De esta manera, la escuela, ha comenzado a figurar paulatinamente como
un elemento imprescindible en las estrategias familiares. En este sentido, es
notable la forma en que algunos grupos domésticos de San Diego Cuachayotla
han comenzado a invertir y utilizar de forma diferenciada sus conocimientos
(capital cultural incorporado), sus posiciones y relaciones (capital social),
pero sobre todo, sus recursos materiales (capital económico), en función de
la adquisición de capital escolar de algunos de sus integrantes:
El año que pasó, mi hija se graduó de la secundaria y ahora quiere estudiar
una carrera corta o una profesión de trabajo y yo la apoyo para que le
eche ganas (…) ellos tienen todo el apoyo de mí en la escuela, en útiles,
uniformes, en las juntas, y ahí vamos, entonces, pues les digo que le echen
ganas (Almonte, 2011).
Este tipo de estrategia supone la instrumentación de una serie de prácticas y
representaciones asociadas: por un lado, el compromiso de los hijos de estudiar
y en la medida de sus posibilidades contribuir con las labores domésticas o
productivas; y por otro lado, el compromiso de los padres de satisfacer las
exigencias de una empresa de adquisición prolongada, como la que implica
toda trayectoria escolar (pagar colegiaturas, comprar libros, contribuir con las
cooperaciones escolares) y de proporcionar el mayor tiempo posible para la
adquisición de capital escolar, lo que implica liberarlos de las obligaciones
laborales que tradicionalmente desempeñan los niños y jóvenes en esa localidad:
Los niños no me ayudan, ellos quieren ayudarme, quieren aprender, me dicen:
papi llévame al horno.
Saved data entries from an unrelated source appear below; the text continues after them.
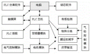 光機(jī)電一體化實(shí)訓(xùn)裝置由型材導(dǎo)軌式實(shí)訓(xùn)臺(tái),典型機(jī)電一體化設(shè)備機(jī)械部件,PLC模塊,變頻器模塊,按鈕模塊,電源模塊,低壓電器模塊,模擬生產(chǎn)設(shè)備實(shí)訓(xùn)模塊(包含上料機(jī)構(gòu),搬運(yùn)機(jī)械手,皮帶輸送線,物件分揀等)接線端子排,各種傳感器,警示燈和氣動(dòng)電磁閥等組成。整體結(jié)構(gòu)采用開(kāi)放式和拆裝式設(shè)計(jì),學(xué)生可以組裝,接線,編程和調(diào)試由上料機(jī)構(gòu),搬運(yùn)機(jī)械手機(jī)構(gòu),皮帶輸送線和物料分揀組成的光機(jī)電一體化設(shè)備。裝置的總體結(jié)構(gòu)示意圖如圖主所示。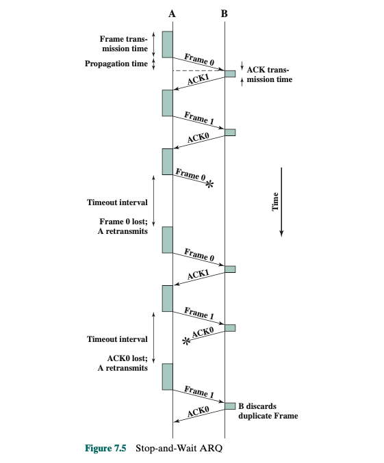 ACK는 여러가지 이후로 도착하지 않을 수 있습니다. 수신 측에서 프레임을 받지 못했거나, 수신 측에서 프레임을 받았지만 ACK 프레임이 중간에 유실되어 송신 측에서 ACK 프레임을 받지 못하는 경우입니다. Stop & Wait는 이 모든 케이스에 대응이 가능하지만, 하나의 프레임이 완전히 전송이 성공된 이후에야 다음 프레임을 보낼 수 있으므로, 다량의 프레임을 보내야 하는 경우에는 성능이 다소 떨어지는 문제가 생기게 됩니다.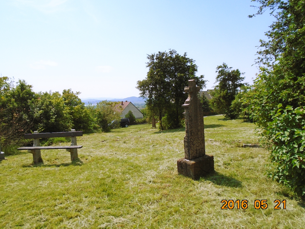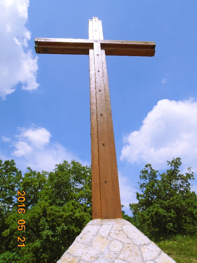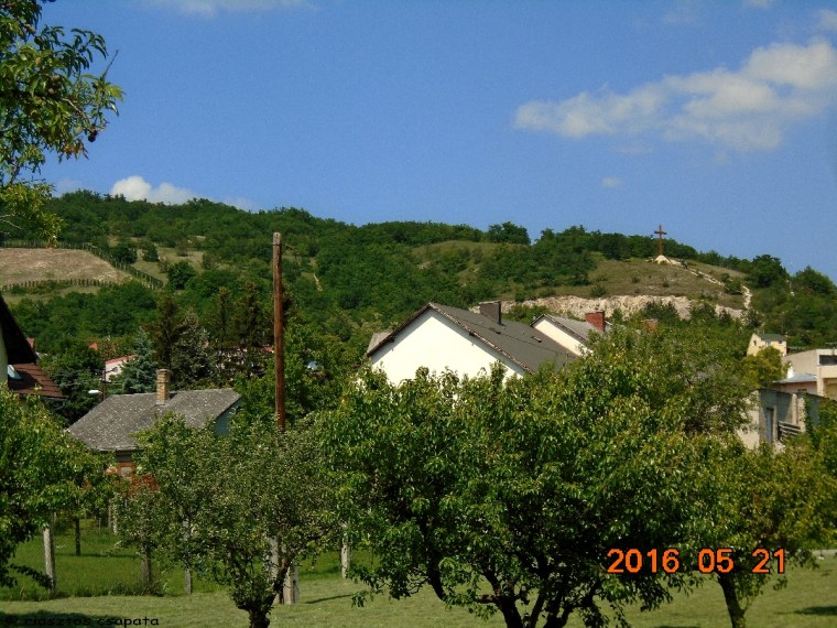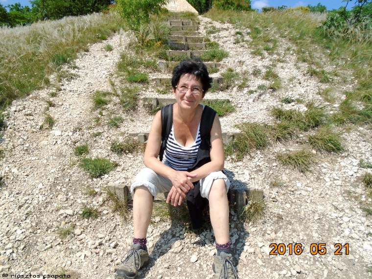 Lefelé, szokásunktól eltérően, több helyen megpihenünk az árnyékos padokon és a kereszt alatt is. Vé boldogan mosolyog, hogy MI győzedelmeskedtünk a meleg és a terep nehézségein.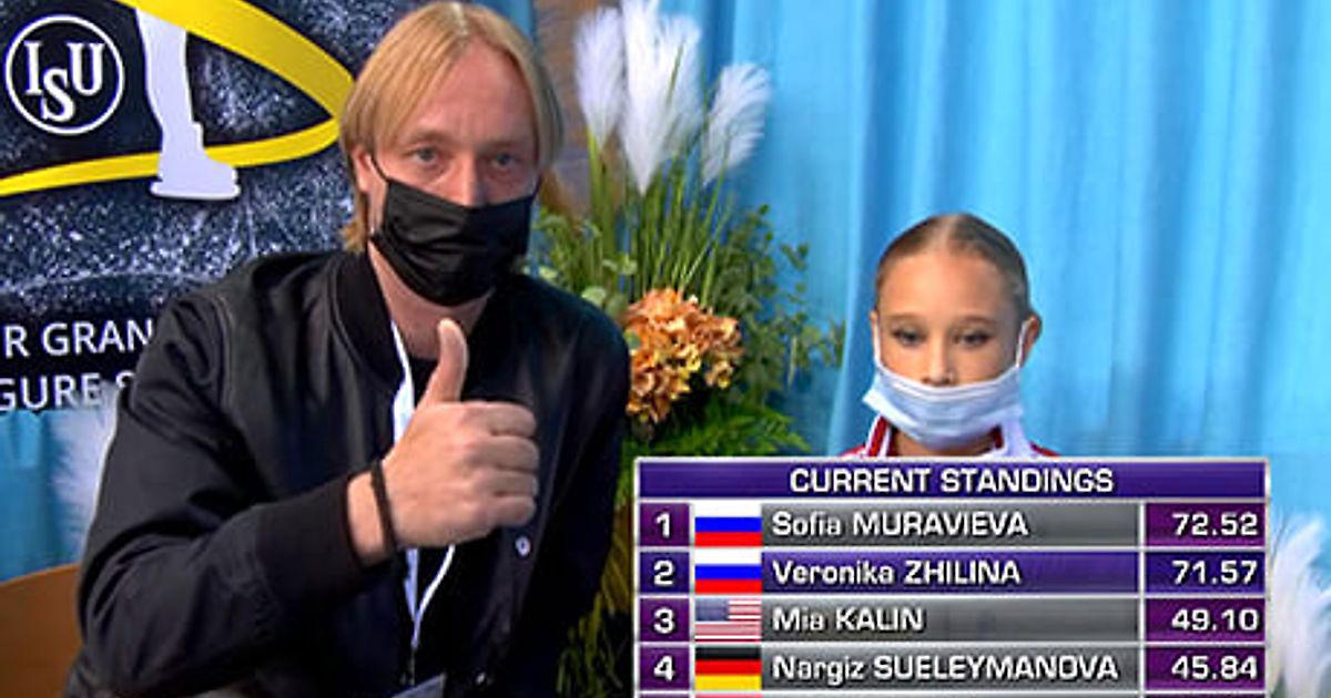 «Сейчас на чиле, да? Работочка закончилась». Юные ученицы Плющенко обыграли фигуристок «Хрустального», и Евгений развлекся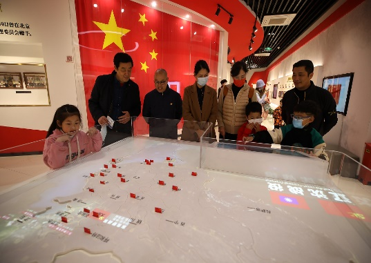 从瑞安西山的山脚拾级而上,远远便看见“国旗教育馆”在翠绿树林中格外醒目,大门上“国旗教育馆”5个金色大字,每个字均从国旗设计者曾联松生前书信中筛选出来。在场馆一楼序厅,一块高约19米的大屏幕上呈现着天安门广场的动态画面,天安门城楼雄伟壮丽,旗杆上的国旗迎风飘扬。全体成员面对高高飘扬的国旗,感慨万千,无数中华儿女抛头颅洒热血,才换来今天繁荣昌盛的大国气派!在国旗诞生厅重温了国旗的设计理念,感悟曾联松所寄寓的满腔爱国热忱和对祖国美好未来的衷心祝愿。在国旗知识厅深入了解了国旗的相关知识。国旗荣耀厅展示了祖国崛起的一个个历史时刻,经典回顾了中国共产党的辉煌成就。全体成员在具有代表性的展物前驻足领略、热烈讨论,深入学习了国旗的诞生历程、国旗的制作、国旗的含义、国旗的标准规范、国旗与天安门广场以及国旗法等有关内容。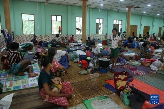 8月12日,人們在緬甸勃固省一處洪災(zāi)安置點休息。新華社發(fā)(苗覺梭攝)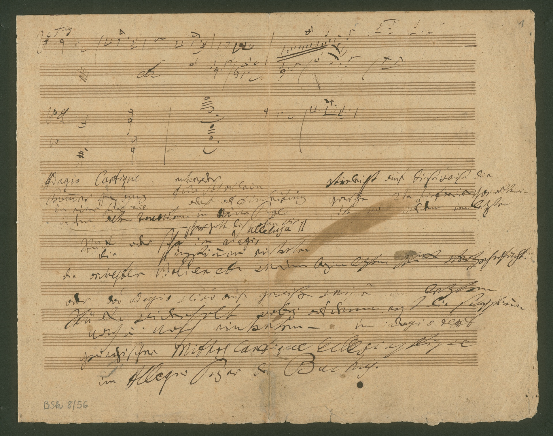 Ludwig van Beethoven, Skizzenblatt zur Klaviersonate op. 106, 2. Satz und zu einer Chorsinfonie (op. 125 oder Unv 3), Autograph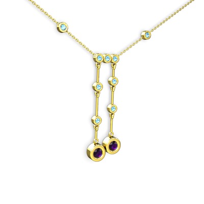 Ametist ve akuamarin 8 ayar altın kolye (40 cm altın rolo zincir)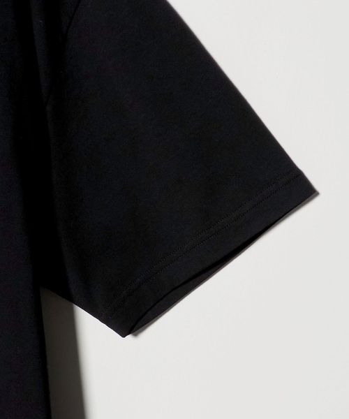 胸元のロゴプリントをアクセントにした、シンプルなTシャツ。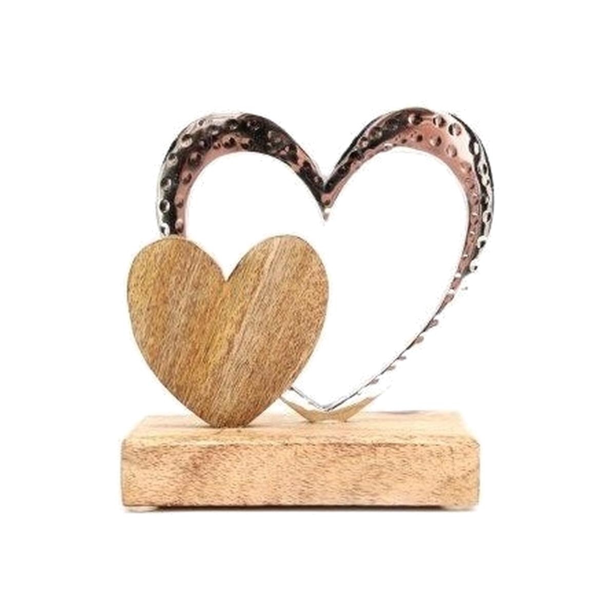 A small natural double heart ornament in wood and silver metal with a natural finish. Made of aluminium and mango wood and featuring protective pads to the underside to protect your furniture. This is a great home ornament or you can even provide this as a gift for a home, couple etc.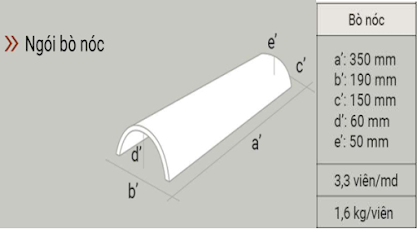 THÔNG SỐ KỸ THUẬT NGÓI BÒ NÓC ĐỊA TRUNG HẢI CỠ NHỎ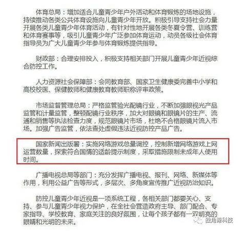 《实施方案》提出,到2030年,实现全国儿童青少年新发近视率明显下降,儿童青少年视力健康整体水平显著提升。为此,教育部等八部门将采取联合行动,其中,国家新闻出版署表示将对网络游戏实施总量调控,控制新增网络游戏上网运营数量,探索符合国情的适龄提示制度,采取措施限制未成年人使用时间。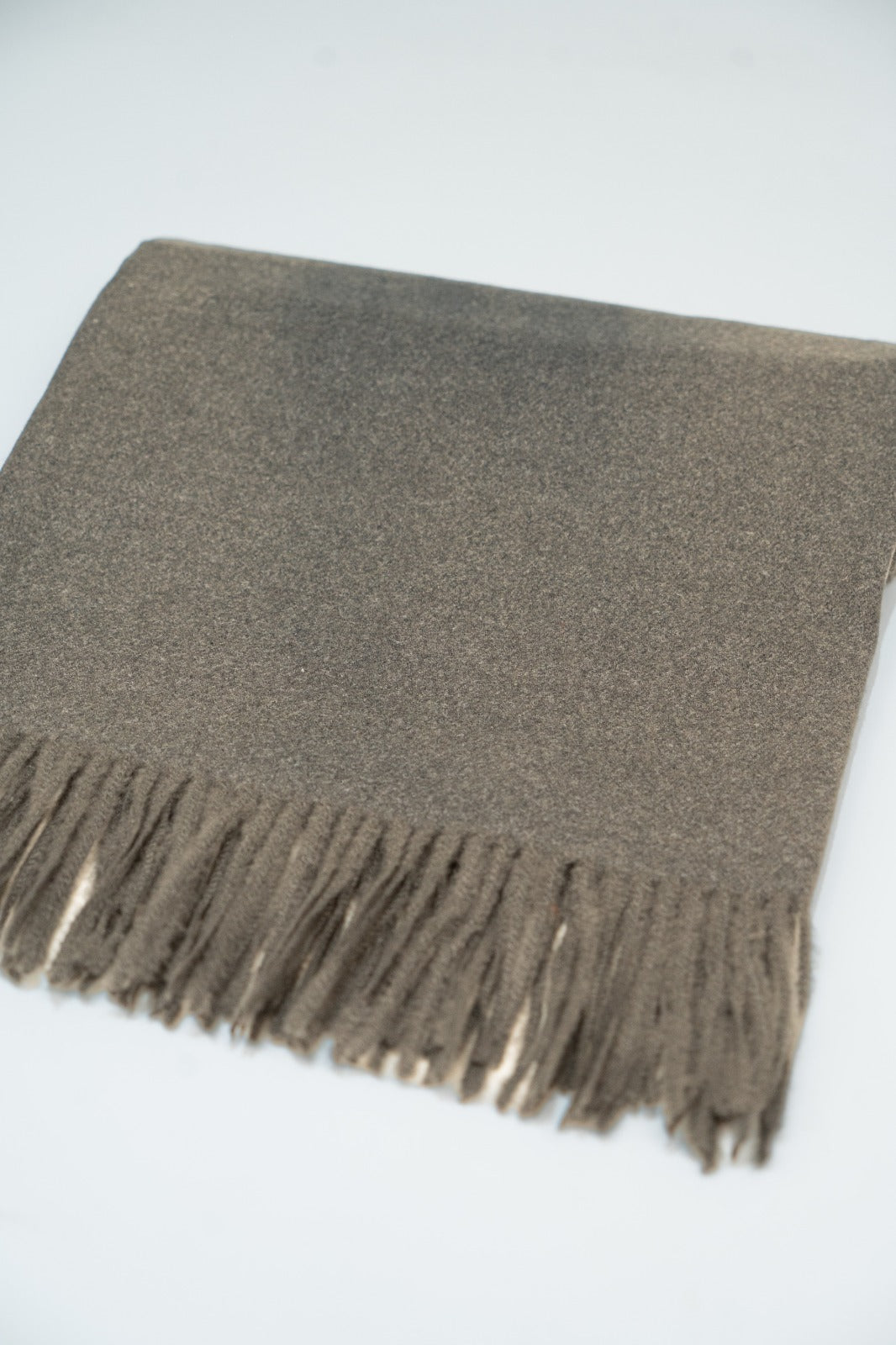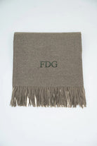 Bufanda suave, flecos en las terminaciones en color gris. Producto personalizable.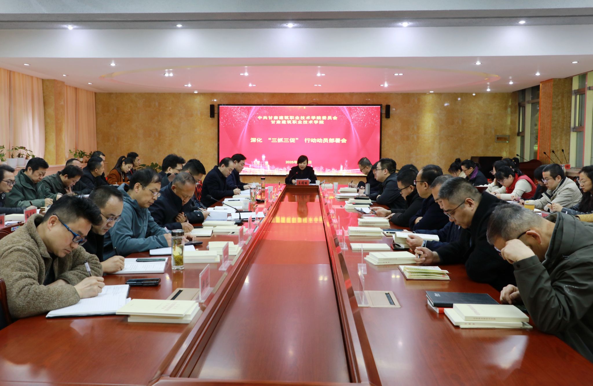 会议由王娟丽主持。会上,王娟丽同志传达了《甘肃建筑职业技术学院深化 “三抓三促” 行动工作方案》,方案明确了目标任务和具体措施、组织领导和职责分工。并部署了三个方面的重点任务,一是抓学习促能力提升,要组织教职工深入学习研讨,开展专题讲座,通过多种形式营造浓厚学习氛围。各部门要围绕学院发展战略、专业建设、人才培养等开展调研,为学院决策提供依据。二是抓执行促任务落实,要对照年度党建和行政重点任务,以及2025年“三抓三促”重点任务台账,细化分工,确保各项任务落地落实。三是抓效能促事业发展,重点围绕“双高计划”建设,不断提升教育教学质量,推进智慧校园建设,加强师资队伍建设。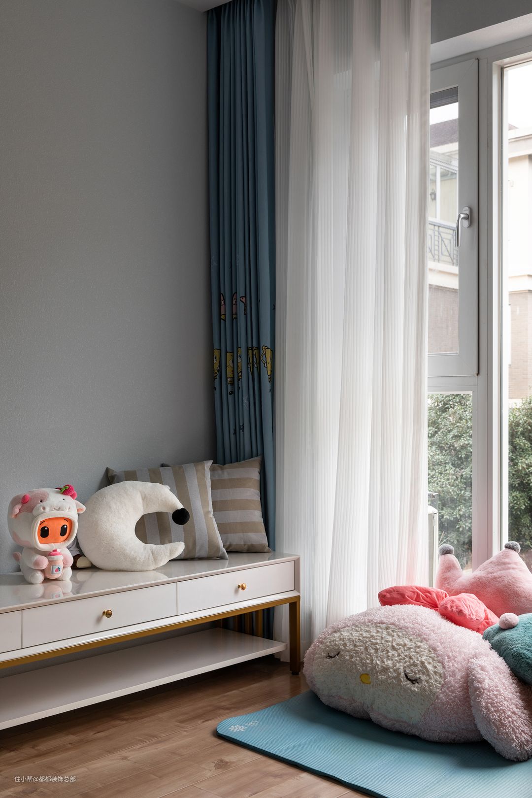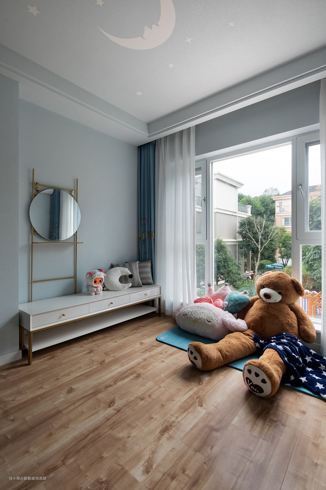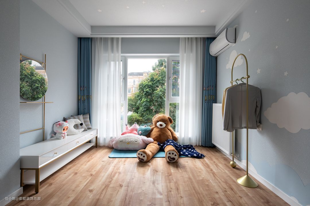 虽然业主是单身,但提前预留了儿童房,宽敞明亮,整体色调以蓝色系为主,简单的云朵图案增添了几分童趣,营造出舒适放松的空间氛围。#晒晒你家的儿童房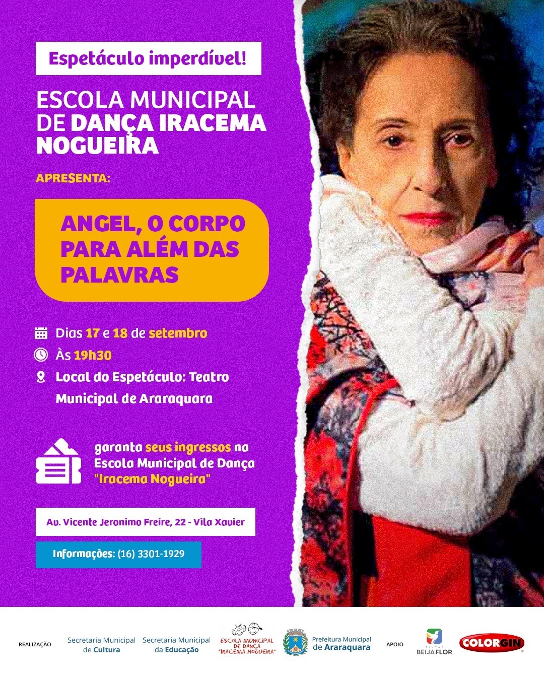 A Escola Municipal de Dança Iracema Nogueira apresenta nesta semana, na quarta e quinta-feira (dias 17 e 18), o novo espetáculo “Angel, o corpo para além das palavras”, às 19h30. Os espetáculos estão à venda por R$ 10 e podem ser adquiridos na própria escola.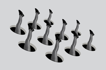 Digital collage modern art, Two Hand reaching through retro picture frame

No, le digo, mejor apúrate a hacer la tarea, no quiero
que vayas. Ellos están ganosos e inquietos de saber el trabajo, pero pues
ahora son unos niños y no tendrían la noción de agarrar un trabajo así pesado.
Mejor que ayuden a su mami que los ponga a barrer aquí la casa o juntar la
basura, no sé, y a mi hija por ser mujer también, le digo quédate con tu mama
a ayudarle a la comida ayúdale con la ropa y yo me voy (Almonte, 2011).